Research Progress on the Application Prospects of Self-Assembly of Cyclopeptide-Dendrimer Hybrid Molecules
Self-assembly is one of the core research directions in the field of supramolecular chemistry. Relying on non-covalent intermolecular interactions (hydrophobic interactions, hydrogen bonds, π-π stacking, etc.), molecules spontaneously form ordered nanostructures with regular structures and stable properties. As a new type of supramolecular assembly building block, cyclopeptide-dendrimer hybrid molecules skillfully integrate the biocompatibility and structural rigidity of cyclopeptides with the functional tunability and multi-functional group modifiability of dendrimers. Through self-assembly, they can form diverse nanostructures such as nanotubes, nanospheres, and nanofibers, showing great application potential in many fields including biomedicine, materials science, nanotechnology, and environmental science. In recent years, scholars at home and abroad have carried out extensive research on the regulation of self-assembly mechanisms, structural and functional optimization, and application implementation, achieving a series of breakthrough progress. Combining the latest research results, this paper systematically reviews the application prospects and research status, and looks forward to the future development direction.

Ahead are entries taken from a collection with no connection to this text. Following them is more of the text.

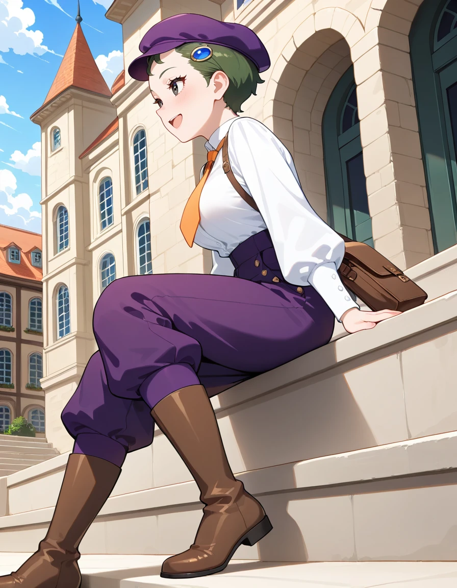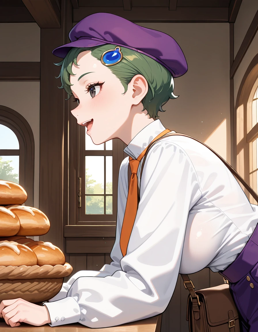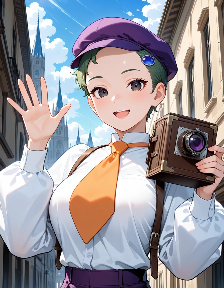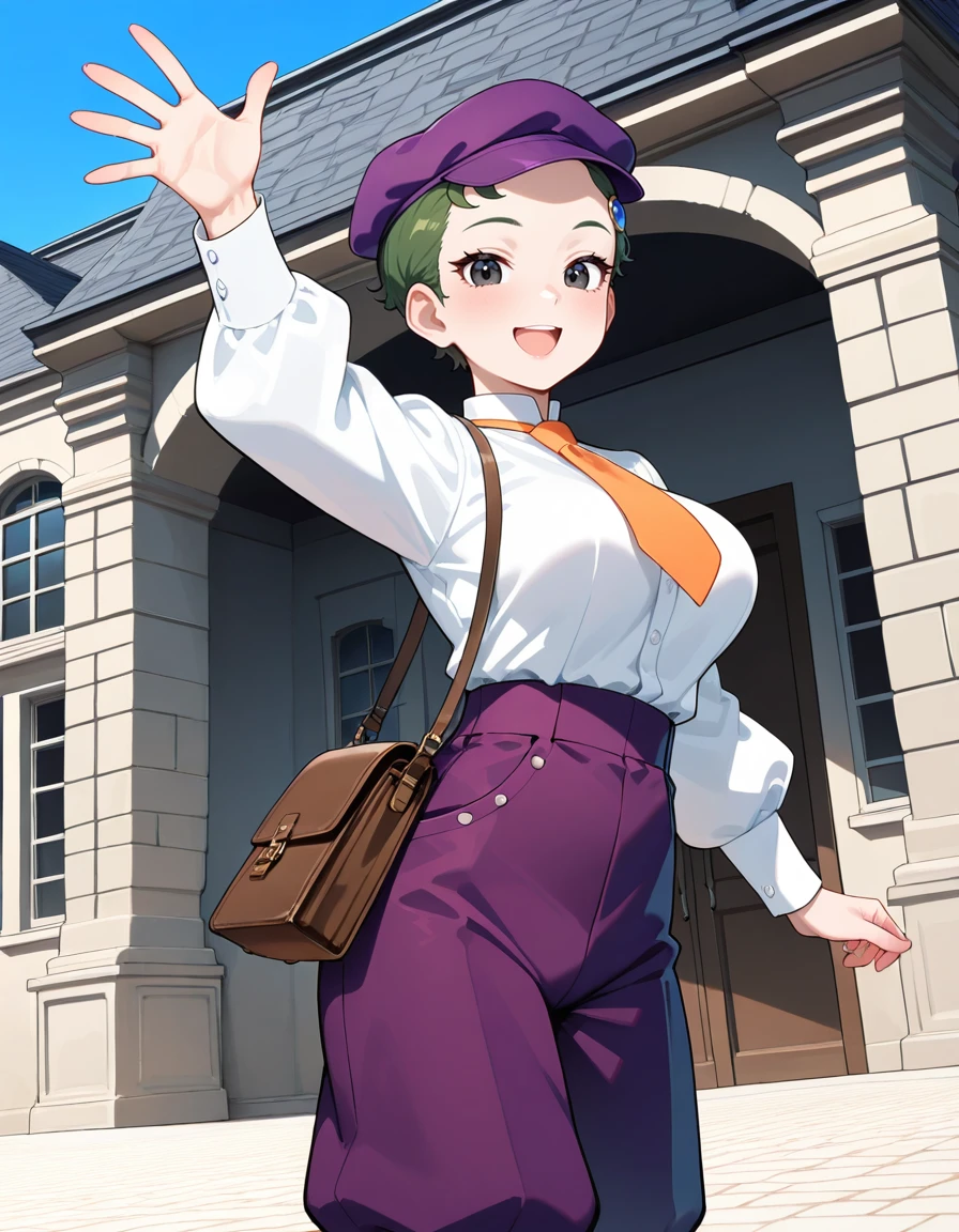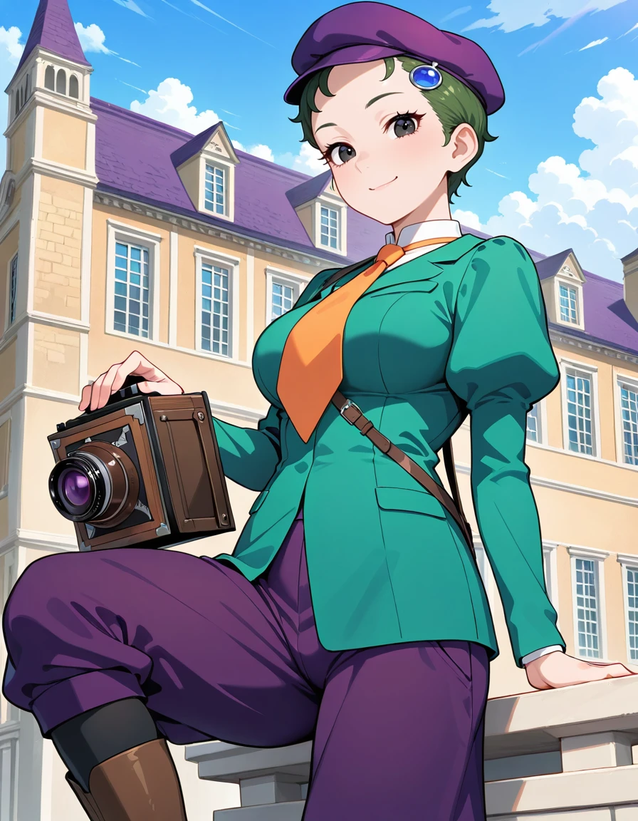 (fran-doll), (official style, black eyes, eyelashes, dark green hair, very short hair, blue hair ornament, large breasts), (purple cabbie hat, orange necktie, purple puffy pants, brown boots)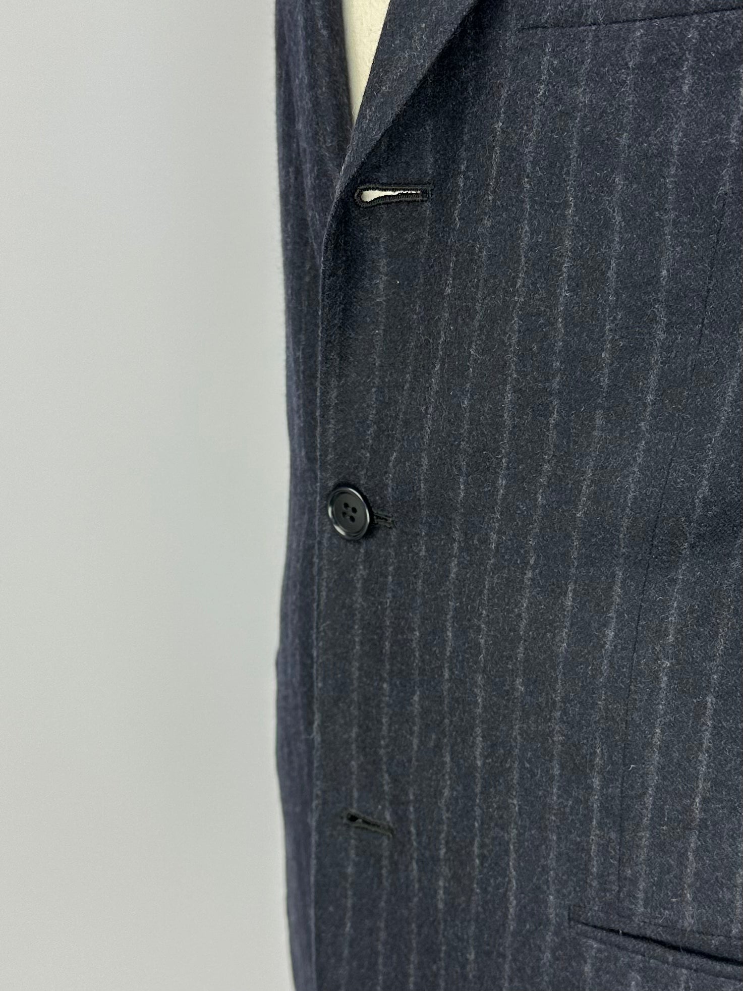 Also known as stacked buttons or waterfall buttons, kissing buttons are associated with Italian tailoring as Italian tailors make their jacket sleeve buttons in the kissing style. In this style, buttons touch each other and overlap one another. Handmade buttonholes; Even this step, apparently the simplest, is treated with an abundance of detail. Attaching the buttons is a job that requires patience and must be completed to perfection.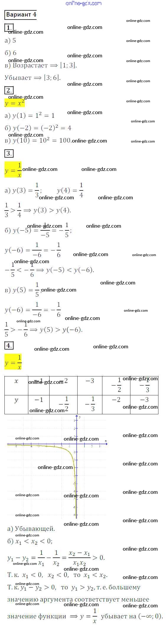 Готовые домашние задания по Алгебре за 8 класс Дидактические материалы Потапов, Шевкин МГУ - школе 2017 - СР №2. Функция. График функции Самостоятельные работы вариант 4

- Research Progress in the Field of Biomedicine
Biomedicine is the most promising application field for the self-assembly of cyclopeptide-dendrimer hybrid molecules. Benefiting from their excellent biocompatibility, low toxicity, and designable functions, the current research in directions such as drug delivery, bioimaging, antibacterial therapy, and biosensing has gradually moved from basic exploration to application orientation, and related technologies have been continuously improved.
(1) Field of Drug Delivery
The nanostructures formed by the self-assembly of cyclopeptide-dendrimer hybrid molecules have become ideal drug carriers due to their controllable size, adjustable surface properties, and special cavity structures, which can effectively solve the pain points of traditional drugs such as low solubility, poor bioavailability, and strong toxic and side effects. Their core advantage lies in the precise regulation of the hydrophilicity, hydrophobicity, targeting, and stimulus responsiveness of the carrier through molecular design, realizing the precise encapsulation and controlled release of drugs.
In terms of hydrophobic drug delivery, the nanotubes formed by the self-assembly of α,γ-cyclopeptides have partially hydrophobic cavities, which can efficiently encapsulate non-polar drugs and effectively improve drug solubility, showing good delivery potential. This characteristic has been verified in the delivery research of various anti-tumor drugs [superscript:3]. The introduction of dendrimers further optimizes the carrier performance. By modifying targeting groups (such as folic acid and peptides) at the terminals of dendrimers, the specific enrichment of drugs at lesion sites can be achieved, reducing damage to normal tissues. For example, the γ-peptidyl cyclopeptide-dendrimer hybrid molecules bridged by cysteine self-assemble to form amphiphilic nanotubes. Their hydrophobic regions can load drugs, and the hydrophilic dendrimer shell improves the dispersibility of the carrier in aqueous solution, significantly improving the bioavailability of drugs .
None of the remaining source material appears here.